First you may ask, why the script and why not seperate schedules. The reson is that some of the steps need to occur inthe correct sequence and this makes sure that they do. For example: You do not want to take a backup of your volume history before the database backup completes or you will not have the volumes of that backup defined in it. Se here goes:
Start the script with a deletion of old database backup volumes from the volume history. This keeps the volhist file from becoming too cumbersome over time.
def script backup "del volhist todate=today-5 type=dbb" line=001
This line starts the definition of a script call backup and adds line 1 to that script. Next we will add line 2 which will do tha actual database backup.
upd script backup "ba db dev=backups t=f w=y" line=002
Line 2 to backup the database has now been added to the script. Note that to add an additional line we used the update rather than the define command.

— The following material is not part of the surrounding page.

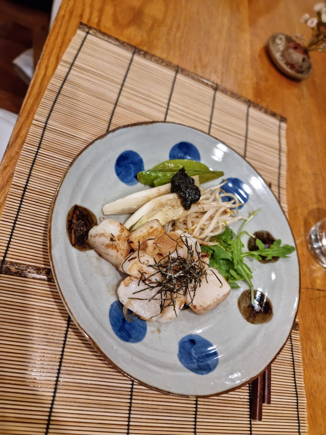 Beaucoup d'attention pour le service, le repas était bon mais je n'emploierais pas le mot extraordinaire comparé à d'autres restaurants japonais traditionnels : l'entrée était délicieuse, le plat principal était présenté de façon brute ce qui était dommage et un peu trop salé à mon goût… Le cake était un peu sec. Il faut tenir compte des suppléments sinon vous serez surpris de la note. De mon point de vue la facture était trop salée compte tenu du rapport qualité/prix/présentation.

Since the script now exists, the rest o the lines must be added with this option. Also the backup is a full backup to allow it to be used on it's own for a restore. Finally not the w=y or wait=yes option on the backup commnad. This causes the script to wait and not process subsequent commands tillt he backup is complete. This is important as we do not want to backup the volume history until th evolues from the database backup have been created.
The next line will cover this exact item.
upd script backup "backup volhistory filenames=F:\TSM_Backup_Files\volhist.out" line=003
So line 3 is added to the script which creates a volume history file of all volumes in the TSM system including the ones just added by the backup. And finally line 4.
upd script backup "backup devconfig filenames=F:\TSM_Backup_Files\devconfig.out" line=004
So now that the script is all ready, only one step remins. Putting it into the administrative schedules so that it runs on a scheduled basis to keep database backups available for a restore.
def sch BACKUPDB t=a cmd="run backup" t=a ACTIVE=y startd=04/02/2009 startt=23:00:00 dur=1 duru=h per=1 peru=D day=ANY exp=N
This will schedule the backup script to run each night at 11:00 P.M. until the system breaks down or someone tells it to stop. There are quite a few parameters on this command, and most of them are default values. I just added them to ensure you knew what was going to happen to the script.
That is enough for today. Again I am sorry I have not been adding posts as I wanted, but hope to improve in the near future. I have left the company I was affiliated with and have started to work as an independent contractor. Hopefully this works out and also leave me more time for items such as this.